Gehört zum „Petersburger Kreis“

Zwar wurde Kosak laut eigenen Angaben noch kein Angebot für den Gouverneurs-Sitz gemacht, doch sein Profil entspricht durchaus einem möglichen Gouverneur. Zuerst einmal gehört er zum „Petersburger Kreis“ – der 1958 im ukrainischen Kirowograd geborene Jurist studierte in Leningrad und arbeitete später mit dem heutigen Ministerpräsident Putin in der Stadtverwaltung.  Dann gehört er auch im Kreml zum engen Vertrautenkreis um Putin und Medwedew – in seiner Position als Vizeministerpräsident wird er für besonders dringende und wichtige Aufgaben eingesetzt.
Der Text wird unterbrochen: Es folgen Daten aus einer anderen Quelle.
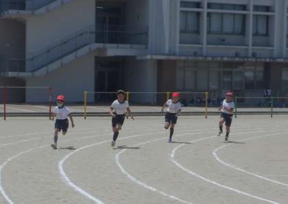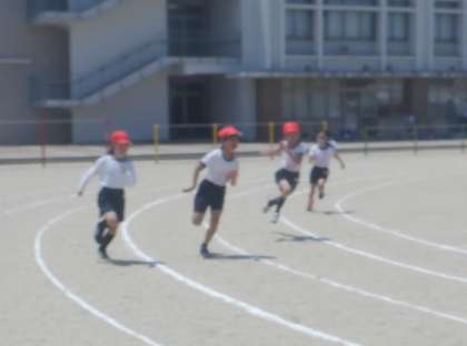 3・4年の徒競走は80m走です。3年が走っているところです。

Zu diesen gehört auch seine momentane Funktion als Koordinator der Vorbereitungen für die Olympischen Winterspiele 2014 in Sotschi. Doch bereits zuvor löste Kosak für die Regierung besonders schwierige Aufgaben, unter anderem die Verwaltungs- und Gerichtsreform sowie die Reform der regionalen Selbstverwaltung.

Loyal, aber ohne Maulkorb

International bekannt wurde sein Name erstmals 2005 als Kosak in einem Bericht für die Moskauer Regierung Korruption und Misswirtschaft in den Teilrepubliken Dagestan und Tschetschenien offen kritisierte. Als Verantwortlicher für den Wahlkampf von Präsident Wladimir Putin 2004 bewies er seine Loyalität zu Putin. Kosak gilt als guter Krisenmanager, als „Feuerwehrmann“, der dank seinen engen Beziehungen zu Medwedew und Putin über die nötige Durchsetzungskraft verfügt.

Kein Parteimensch

Im Gegensatz zur bisherigen Petersburger Gouverneurin Matwijenko, die bereits zu Sowjetzeiten in der Kommunistischen Partei leitende Positionen innehatte und sich heute klar als zur mächtigen Partei „Einiges Russland“ stellt, ist Kosak kein Parteimensch. Seine Ernennung könnte einen ähnlichen Generationenwechsel wie in Moskau vor einem Jahr bedeuten als der langjährige Bürgermeister Luschkow und Partei-Apparatschik durch den „Macher“ Sobjanin abgelöst wurde.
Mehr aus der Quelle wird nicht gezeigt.